Another interesting historical fact about black Africans living in Israel is that they are mostly from three African countries - Ethiopia, Sudan and Eritrea - with whom Israel has had what other researchers term a "convoluted relationship".
As Jeffrey Lefebvre, an American academic explains, Ethiopia and Israel were drawn together by their mutual fear of Arab and Islamic encirclement. Even when the two countries formally broke diplomatic ties in 1973, "there were several subsequent instances of secret and informal cooperation between the two states," he adds.
Throughout the Eritrean war of independence against Ethiopia, Israel supported Ethiopia in one way or another. Ethiopia portrayed the Eritrean rebellion as an Arab threat to the region.
Jeffrey Lefebvre writes that Israel viewed the war in Eritrea as a southerly extension of the Arab-Israeli conflict. This was partly due to the fact that when the Eritrean People's Liberation Front (EPLF) launched its war of secession against Ethiopia in 1962, Gamal Abdel Nasser permitted the EPLF to establish its headquarters in Cairo where members of the EPLF received military training as well.
Another strong ally of the EPLF was North Sudan. During Eritrea's 30-year struggle for independence, North Sudan was the most important regional ally for the Eritrean resistance, according to Jeffrey Lefebvre.
While North Sudan gave support to the Eritrean resistance, Ethiopia helped Israel assist the Anya Nya rebels who were fighting against North Sudan.
Ethiopia allowed Israel to establish military centres to train the rebels. Moreover, according to Robert Collins, a historian, Israel brought Anya Nya officers to Israel to attend short courses in weapons and explosives, as well as radio transmissions.
In addition to being driven by ideological reasons, Israel's involvement in the Horn of Africa has also been about making sure that the Red Sea does not "become an Arab Lake" from which Arab states could threaten Israeli shipping in the southern Red Sea region, explains Jeffrey Lefebvre. To achieve this goal Israel has played a vital role in destabilising countries in the Horn of Africa.
Israel has a responsibility to asylum seekers from the countries it played a part in destabilising. The continuing violence in the Horn of Africa is largely the product of Israeli interventionist policies in the security affairs of the Horn of Africa.

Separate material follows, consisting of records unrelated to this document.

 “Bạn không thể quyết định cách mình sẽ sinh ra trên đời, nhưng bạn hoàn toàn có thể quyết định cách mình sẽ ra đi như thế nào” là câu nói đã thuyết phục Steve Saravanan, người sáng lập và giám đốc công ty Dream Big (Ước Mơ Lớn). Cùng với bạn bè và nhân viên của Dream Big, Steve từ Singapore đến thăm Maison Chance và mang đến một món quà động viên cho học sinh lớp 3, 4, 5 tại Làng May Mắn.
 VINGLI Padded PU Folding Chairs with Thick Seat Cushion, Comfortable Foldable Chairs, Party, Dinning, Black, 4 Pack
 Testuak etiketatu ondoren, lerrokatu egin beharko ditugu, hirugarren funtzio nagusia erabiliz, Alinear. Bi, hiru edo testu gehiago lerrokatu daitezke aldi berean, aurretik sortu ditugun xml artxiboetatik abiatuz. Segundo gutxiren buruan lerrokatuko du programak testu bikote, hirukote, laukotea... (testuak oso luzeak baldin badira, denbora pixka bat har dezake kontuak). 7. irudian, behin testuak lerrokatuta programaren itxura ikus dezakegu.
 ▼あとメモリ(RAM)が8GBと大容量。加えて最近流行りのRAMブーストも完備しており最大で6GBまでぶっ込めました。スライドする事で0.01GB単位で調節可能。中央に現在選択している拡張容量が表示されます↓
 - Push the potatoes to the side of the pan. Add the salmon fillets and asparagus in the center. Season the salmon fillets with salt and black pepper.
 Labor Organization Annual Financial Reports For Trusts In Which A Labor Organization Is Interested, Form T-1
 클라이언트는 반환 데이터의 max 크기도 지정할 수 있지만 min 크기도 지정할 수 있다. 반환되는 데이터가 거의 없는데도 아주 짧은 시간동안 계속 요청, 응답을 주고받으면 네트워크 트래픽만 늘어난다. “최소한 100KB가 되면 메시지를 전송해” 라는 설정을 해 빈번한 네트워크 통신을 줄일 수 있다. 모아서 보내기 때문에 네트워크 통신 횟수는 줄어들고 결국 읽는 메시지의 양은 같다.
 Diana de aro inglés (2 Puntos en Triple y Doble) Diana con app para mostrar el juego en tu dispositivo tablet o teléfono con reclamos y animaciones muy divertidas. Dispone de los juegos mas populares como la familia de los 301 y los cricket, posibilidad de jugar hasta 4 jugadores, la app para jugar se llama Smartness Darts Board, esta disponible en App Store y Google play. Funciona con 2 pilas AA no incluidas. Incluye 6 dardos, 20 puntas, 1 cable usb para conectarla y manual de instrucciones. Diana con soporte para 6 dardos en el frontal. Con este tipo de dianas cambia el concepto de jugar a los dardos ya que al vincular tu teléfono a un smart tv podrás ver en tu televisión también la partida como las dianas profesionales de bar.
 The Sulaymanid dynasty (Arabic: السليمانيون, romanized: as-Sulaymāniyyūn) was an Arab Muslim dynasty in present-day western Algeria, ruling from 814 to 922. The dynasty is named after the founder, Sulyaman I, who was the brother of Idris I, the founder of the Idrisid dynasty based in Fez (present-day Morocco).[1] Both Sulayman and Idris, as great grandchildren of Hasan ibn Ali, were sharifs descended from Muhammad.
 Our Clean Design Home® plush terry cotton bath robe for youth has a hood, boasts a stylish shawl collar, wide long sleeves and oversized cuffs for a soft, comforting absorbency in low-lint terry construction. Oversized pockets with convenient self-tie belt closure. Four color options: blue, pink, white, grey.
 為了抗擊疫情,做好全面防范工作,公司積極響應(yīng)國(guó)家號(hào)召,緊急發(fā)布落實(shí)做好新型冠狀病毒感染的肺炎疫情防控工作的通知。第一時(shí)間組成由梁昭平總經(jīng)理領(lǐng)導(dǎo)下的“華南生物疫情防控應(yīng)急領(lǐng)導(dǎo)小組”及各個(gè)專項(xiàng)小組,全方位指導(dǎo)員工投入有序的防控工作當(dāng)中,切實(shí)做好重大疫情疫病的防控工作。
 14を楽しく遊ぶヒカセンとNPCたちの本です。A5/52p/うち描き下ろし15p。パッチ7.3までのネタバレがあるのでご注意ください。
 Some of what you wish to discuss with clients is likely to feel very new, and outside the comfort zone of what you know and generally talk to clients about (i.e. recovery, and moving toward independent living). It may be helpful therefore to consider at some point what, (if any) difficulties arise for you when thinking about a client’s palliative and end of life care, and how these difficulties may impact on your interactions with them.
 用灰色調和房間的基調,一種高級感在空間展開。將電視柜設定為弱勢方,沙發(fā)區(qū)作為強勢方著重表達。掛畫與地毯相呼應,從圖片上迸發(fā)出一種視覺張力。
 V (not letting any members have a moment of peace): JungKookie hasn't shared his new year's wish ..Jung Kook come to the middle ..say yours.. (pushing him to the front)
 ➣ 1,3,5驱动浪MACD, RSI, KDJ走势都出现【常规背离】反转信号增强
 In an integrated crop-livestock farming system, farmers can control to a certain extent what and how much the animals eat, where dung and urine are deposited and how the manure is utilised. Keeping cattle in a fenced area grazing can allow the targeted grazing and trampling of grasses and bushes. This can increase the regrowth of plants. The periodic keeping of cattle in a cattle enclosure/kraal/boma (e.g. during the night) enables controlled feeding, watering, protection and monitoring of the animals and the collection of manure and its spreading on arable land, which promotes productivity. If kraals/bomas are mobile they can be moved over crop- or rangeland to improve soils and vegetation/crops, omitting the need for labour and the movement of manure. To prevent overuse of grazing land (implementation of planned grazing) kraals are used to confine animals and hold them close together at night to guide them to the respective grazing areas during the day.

For years, the State of Israel has attempted to influence the ideological orientation of local actors in the region through arms, aid or subversion, according to Lefebvre. Israelis ought to realise that this is a case of chickens coming home to roost.
Majavu is the Book Reviews Editor of Interface: A Journal For and About Social Movements. He is a PhD candidate at the University of Auckland, New Zealand.